Through the salutogenic approach, health centers can incorporate art installations, spaces for music and social support, and recreational spaces like libraries or gyms. Hospitals may incorporate nature and animals in their facilities to inspire patients. Views of landscapes serve as positive distractions and have a proven effect on boosting patient recovery.
Architecture as Treatment
Several other models of salutogenic architecture have been developed like Jan Golembiewski’s ‘Neurology of Salutogenic Design’, Tye Farrow’s ‘Salutogenic Design Method’, and Roger Ulrich’s ‘Theory of Supportive Design’. What these models share in common is prioritizing the mental state of the patient as a means of facilitating recovery. The salutogenic model and its allied design philosophy support the idea that individuals have an innate ability to heal themselves.

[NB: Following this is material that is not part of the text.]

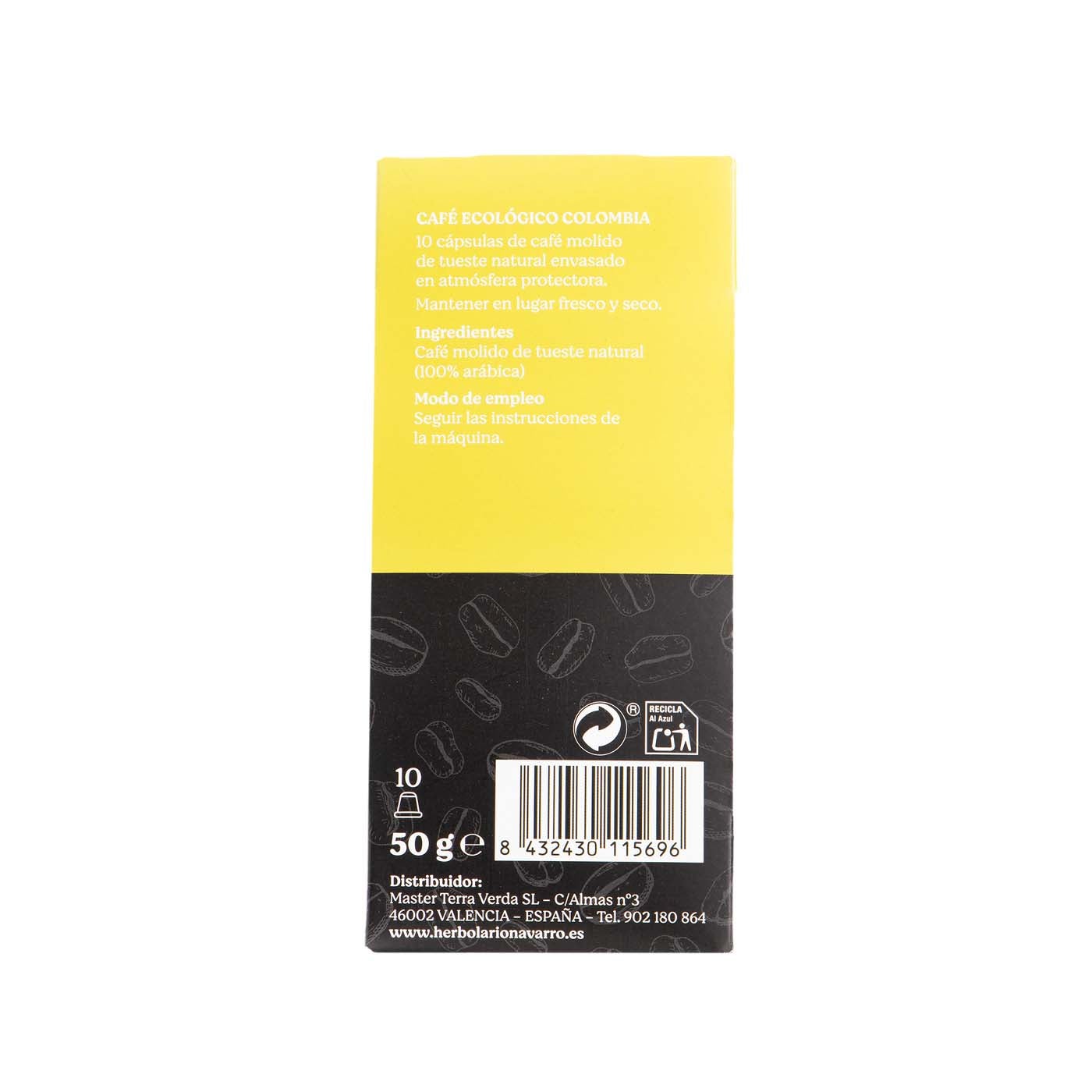 Café ecológico Colombia 10 cápsulas Organic Sac

It is also recognized that salutogenic architecture requires more than a design team. The entire healthcare organization must understand the meaning and impact of salutogenic design within their existing systems. This form of design thinking architects, healthcare workers, and patients to brainstorm how building features can enhance a sense of coherence and equip architecture as a form of medical treatment encouragement.